Non-IFRS total revenue is now expected to be in a range of €27.8 to €28.5 billion at constant currencies (2019: €27.63 billion), up 1% to 3% at constant currencies. The previous range was €29.2 to €29.7 billion at constant currencies.
Non-IFRS operating profit is now expected to be in a range of €8.1 to €8.7 billion at constant currencies (2019: €8.21 billion), down 1% to up 6% at constant currencies. The previous range was €8.9 to €9.3 billion at constant currencies.
The share of more predictable revenue (defined as the total of cloud revenue and software support revenue) is now expected to reach approximately 72%. The respective previously expected share was approximately 70%. While SAP’s full-year 2020 business outlook is at constant currencies, actual currency reported figures are expected to be impacted by currency exchange rate fluctuations as the Company progresses through the year.

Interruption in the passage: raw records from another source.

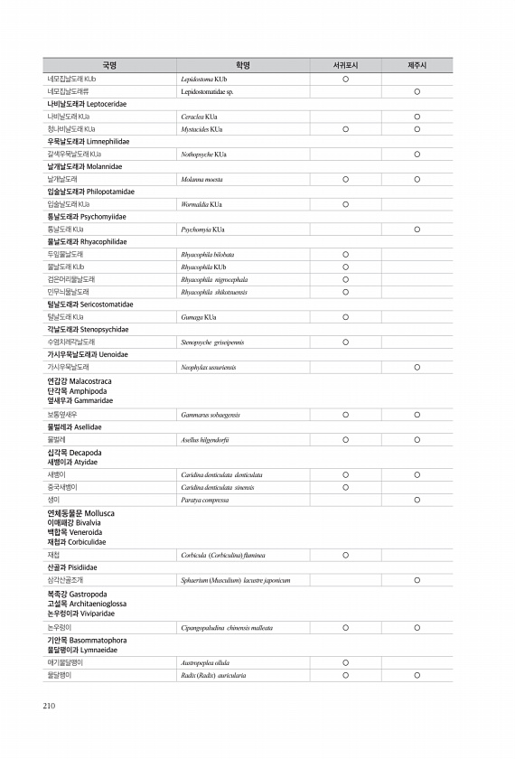 210 네모집날도래 KUb Lepidostoma KUb ○ 네모집날도래류 Lepidostomatidae sp. ○ 나비날도래과 Leptoceridae 나비날도래 KUa Ceraclea KUa ○ 청나비날도래 KUa Mystacides KUa ○ ○ 우묵날도래과 Limnephilidae 갈색우묵날도래 KUa Nothopsyche KUa ○ 날개날도래과 Molannidae 날개날도래 Molanna moesta ○ ○ 입술날도래과 Philopotamidae 입술날도래 KUa Wormaldia KUa ○ 통날도래과 Psychomyiidae 통날도래 KUa Psychomyia KUa ○ 물날도래과 Rhyacophilidae 두잎물날도래 Rhyacophila bilobata ○ 물날도래 KUb Rhyacophila K...
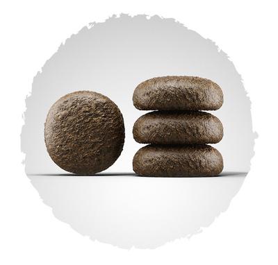 Состав: мясо домашней птицы, рис, жир домашней птицы, кукурузная мука, свекольная пульпа, мясо лосося 6,0%, крахмал картофельный, гидролизованный белок домашней птицы, куриная печень, сухие дрожжи; гемоглобин порошок, йодированная морская соль, порошок цикория, хлорид калия, мясо мидии
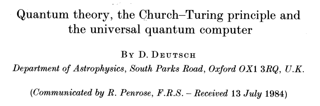 他是量子计算理论的早期提出者之一,1985年就发表了关于「量子图灵机」的论文(Quantum theory, the Church-Turing principle and the universal quantum computer),为之后的量子计算模型打下基础。
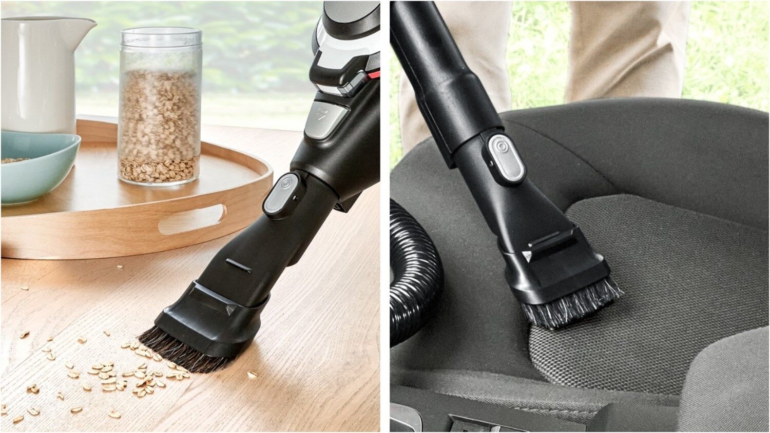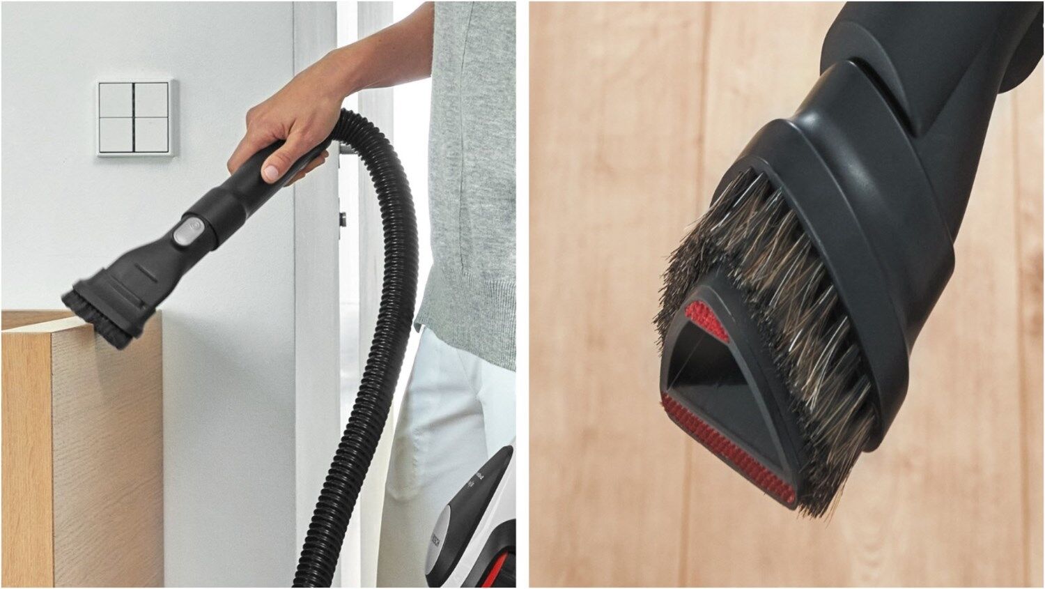 - 1 Zubehör – 2 Funktionen: Die Polsterdüse ist ideal für hartnäckigen Schmutz und Staub, die weichen Borsten eignen sich perfekt für empfindliche Oberflächen und Möbel
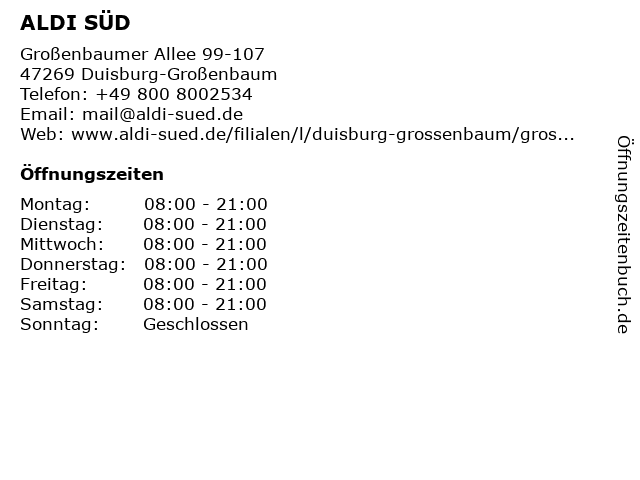 | Öffnungszeiten ALDI SÜD in Duisburg-Großenbaum anzeigen | |

SAP confirms its 2023 ambition which was previously published in its 2019 Integrated Report.
The Company remains in its quiet period until reporting its complete first quarter 2020 results on April 21st when it will provide further details on its first quarter and projected full-year 2020 performance.
This press release and all information therein is preliminary and unaudited. The 2019 comparative numbers for first quarter only include Qualtrics revenues and profits from acquisition date of January 23rd.
First Quarter 2020 Quarterly Statement
SAP’s first quarter 2020 quarterly statement will be published on April 21, 2020 and will be available for download at www.sap.com/investor.
SAP senior management will host a financial analyst conference call on Tuesday, April 21st at 2:00 PM (CET) / 1:00 PM (GMT) / 8:00 AM (Eastern) / 5:00 AM (Pacific). The call will be webcast live on the Company’s website at www.sap.com/investor and will be available for replay. Supplementary financial information pertaining to the first quarter results can be found at www.sap.com/investor.
 Share of more predictable revenue is the total of non-IFRS cloud revenue and non-IFRS software support revenue as a percentage of total revenue.